Sangamo Therapeutics and Pfizer announced updated results from the Phase 1/2 Alta Study evaluating investigational SB-525 gene therapy for severe hemophilia A. The data reveals that SB-525 was generally well tolerated and demonstrated a dose-dependent increase in Factor VIII activity levels.
TrialSite News breaks down the updates to this important study.
What is the Alta Study?
The Phase 1/2 Alta study is an open-label, dose-ranging clinical trial designed to assess the safety and tolerability of SB-525 in patients with severe hemophilia A. The mean age of the ten patients assessed is 31 years (range 18-47). All ten patient is male. The US FDA has granted Orphan Drug, Fast Track, and regenerative medicine advanced therapy (RMAT) designation to SB-525, which also received Orphan Medicinal Product designation from the European Medicines Agency. SB-525 is being developed as part of a global collaboration between Sangamo and Pfizer.

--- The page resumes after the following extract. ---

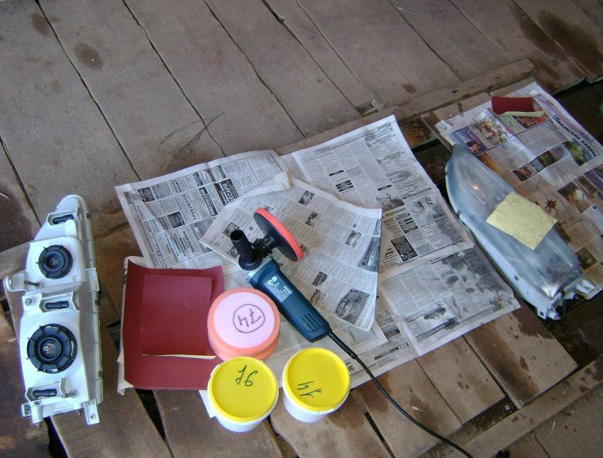 При любой полировке, фары тут не исключение, могут применяться следующие расходные материалы, приспособления и оборудование:

Summary of Potential Update
- Hemophilia A patients taking the highest dose of this essential gene therapy are exhibiting significant boosts in levels of an important blood-clotting protein, offering Sangamo the opportunity to compete for leading efficacy against a competitive grouping in the market.
- With this new interim data presented at an Australian conference, it reveals patients who received the highest dose of SB-525 are sustaining normal levels of the essential protein that hemophilia patients lack—Factor VIII
- These results are from a Phase 1/2 study. BioMarin and Spark Therapeutics have investigational gene therapy hemophilia treatments further advanced down the pipeline—in Phase 3. However SB-525 results reveal it could be competitive with these other treatments.
The Results Thus Far
The data has shown thus far that SB-525 has been generally well-tolerated and demonstrated a dose-dependent increase in Factor VIII (FVIII) activity levels. The first two patients treated at the 3e13 vg/kg dose rapidly achieved normal levels of FVIII activity as measured using a chromogenic assay, with no reported bleeding events, and the response continues to be durable for as long as 24 weeks, the extent of the follow-up. The two patients more recently treated at the 3e13 vg/kg dose level are demonstrating FVIII activity kinetics that appears consistent with the first two patients treated in this dose cohort at similar early time points. The data from 10 patients treated with SB-525 were presented during an oral presentation on July 6 at the XXVII Congress of the International Society of Thrombosis and Haemostasis (ISTH) in Melbourne, Australia.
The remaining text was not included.